Fat Shaming Is the Only Way to Curb Obesity, Bioethicist Says

Making overweight people feel bad about themselves might convince them to go on a diet

Given the fact that obesity rates in the United States seem to be only going up, regardless of whatever strategies the country's high officials are trying to employ in order to convince people to lead a healthier lifestyle, it need not come as a surprise that some are quite convinced that drastic measures are in order.

Thus, a bioethicist named Daniel Callahan has recently wrote a paper whose main thesis is that shaming fat people and making them feel bad about their food choices might actually help convince them to go on a diet and lose some weight.

Interestingly enough, Daniel Callahan maintains that he only got this idea after coming to realize that, courtesy of some very aggressive anti-smoking campaigns, several of the country's residents had come to understand that staying clear of cigarettes was one of the best decisions they could make as far as looking after their health was concerned.

In other words, stigmatization worked wonders in terms of convincing people to quit smoking, and it might also prove quite efficient in curbing obesity rates.
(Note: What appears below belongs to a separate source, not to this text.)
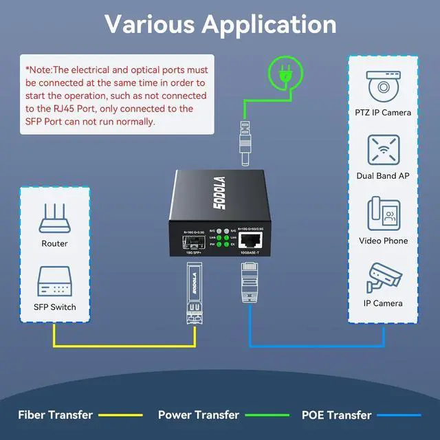 Reliable Fiber-PoE SolutionIdeal for powering remote IoT/security gear via fiber backbone. Reminder: Compatible SFP+ modules required at both ends. ( SFP Modules NOT Included in the package)

Thus, as Inquisitr reports, it is Daniel Callahan’s belief that messages such as “If you are overweight or obese, are you pleased with the way that you look?” are likely to force people's hand into letting go of pizza and other similar culinary delights, and grabbing fruits and vegetables instead.

Needless to say, this bioethicist's proposal sparked quite a controversy, and many were quick in drawing attention to the fact that overweight people were already stigmatized as it was, and up until then such “shaming sessions” had failed to change their food-related behaviors.
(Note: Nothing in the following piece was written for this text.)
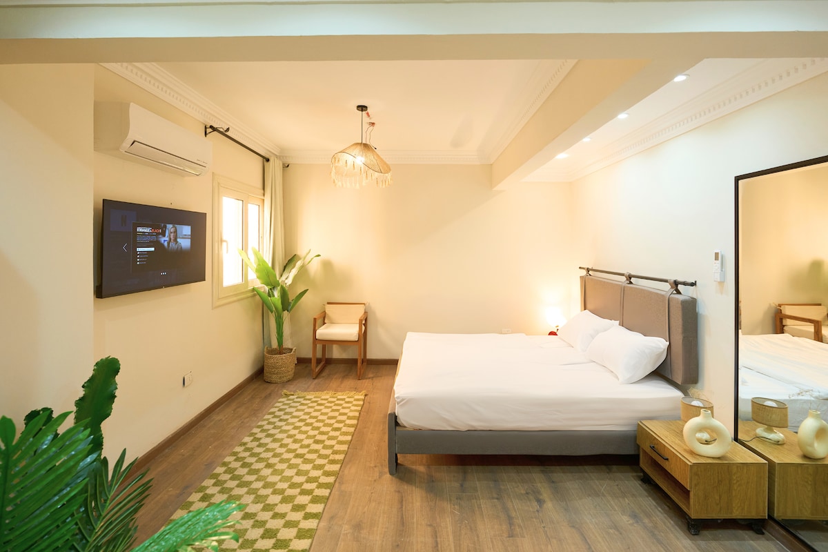 Gistu í stíl í fallegustu Airbnb-íbúðinni í Kaíró sem er staðsett í nýenduruppgerðum göngugötum hins sögulega miðbæjar Cairo - menningar-, fjárhags- og sprotafyrirtækjum Egyptaland. Þessi tveggja herbergja íbúð er með 4 metra háu lofti, endurnýjuðum arkitektúr og einstaklega vel gerðri blöndu af antík, gömlum og nýjum húsgögnum. Á henni eru 3 svalir, þægilegt eldhús og aukarúm.

“Fat shaming can have destructive results. It is not a motivator for change. Instead, it is paralytic,” argued Chicago Pediatric Dietitian Cassandra Bjork.

“No amount of teasing, probing questions about what they wish they could do, or medications seem to help. So if one is proposing to help them by more stigmatization, that would seem at once both antithetical and unethical,” Dr. Tom Inge of Cincinnati Children’s Hospital Medical Center went on to add.